On Monday, U.S. Treasury yields experienced a slight increase as investors took into account the economic outlook and evaluated the likelihood that the Federal Reserve’s interest-rate hiking cycle has come to an end. At 3:31 a.m. ET, the yield on the 10-year Treasury was over three basis points higher, standing at 4.4764%. This comes after two days of reaching a low not seen since September at 4.379%. The yield on the 2-year Treasury also rose by less than one basis point, reaching 4.9151%.

It’s important to note that yields and prices move in opposite directions and that one basis point is equivalent to 0.01%. Investors are considering factors such as the economy and Federal Reserve monetary policy, with growing hopes that the central bank is finished with interest rate hikes following lower-than-expected readings for both the producer and consumer price index.
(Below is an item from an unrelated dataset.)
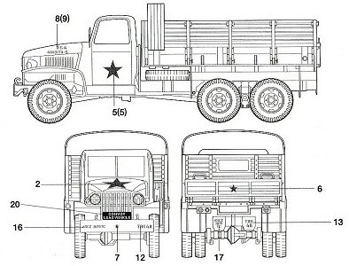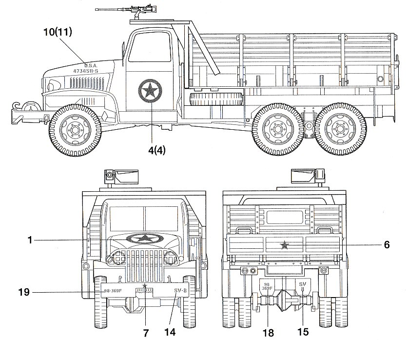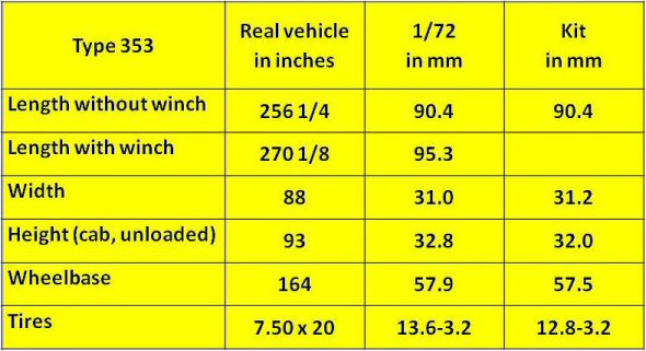 The variant proposed in the kit has a closed cab with a wooden type body, produced until February 1943 (when the asymmetrical brush guard was introduced), proceeding the introduction of the open cab of the late production (4th, 5th and 6th series). The supply catalogue number for the truck 2 ½-ton, 6x6, GMC CCKW was G508. The 1st batch, produced from December 1940 till January 1941, had a civilian cabin and was called CCKWX. The 2nd and the 3rd series were produced January 1941 to March 1943 and their closed cabin could have a rounded hole for the MG. Two types of chassis were used for the CCKW, the type 353 (used in this kit), was the longer one. The shorter version, used for about the 10% of the CCKW production, was called type 352. Another closed cab version, called CCW-353, was a 6x4 variant. The kit gives you the option between the standard bumper and installing the winch, which was used on almost half of the total production (both chassis type, short and long). The kit chassis has a Timken split axle. The Chevrolet banjo type was also used, but this different axle type meant also a different layout of the drive shafts. Compared to the open cab truck kit, the conversion possibilities are even bigger (see Heller/Airfix CCKW review for a short wheelbase 352 conversion) because the closed cab truck kit could also be converted (with some more work) into the 1.5 ton 4x4 variant G506 made by Chevrolet. The 108”x 86” flatbed cargo G506 with the winch was called G7117, G7107 being the number without winch. Good

These lower readings suggest that inflation is easing and the Fed’s interest rate hikes are effectively cooling the economy. There is widespread expectation among markets that interest rates will remain unchanged at the Fed’s last meeting in December, which could provide insight into when the Fed might begin to cut rates if they do so at all. Data from the Fed’s last meeting will be released on Tuesday and could provide more clarity on this topic. It is worth noting that bond markets will be closed on Thursday and will close early on Friday for Thanksgiving Day.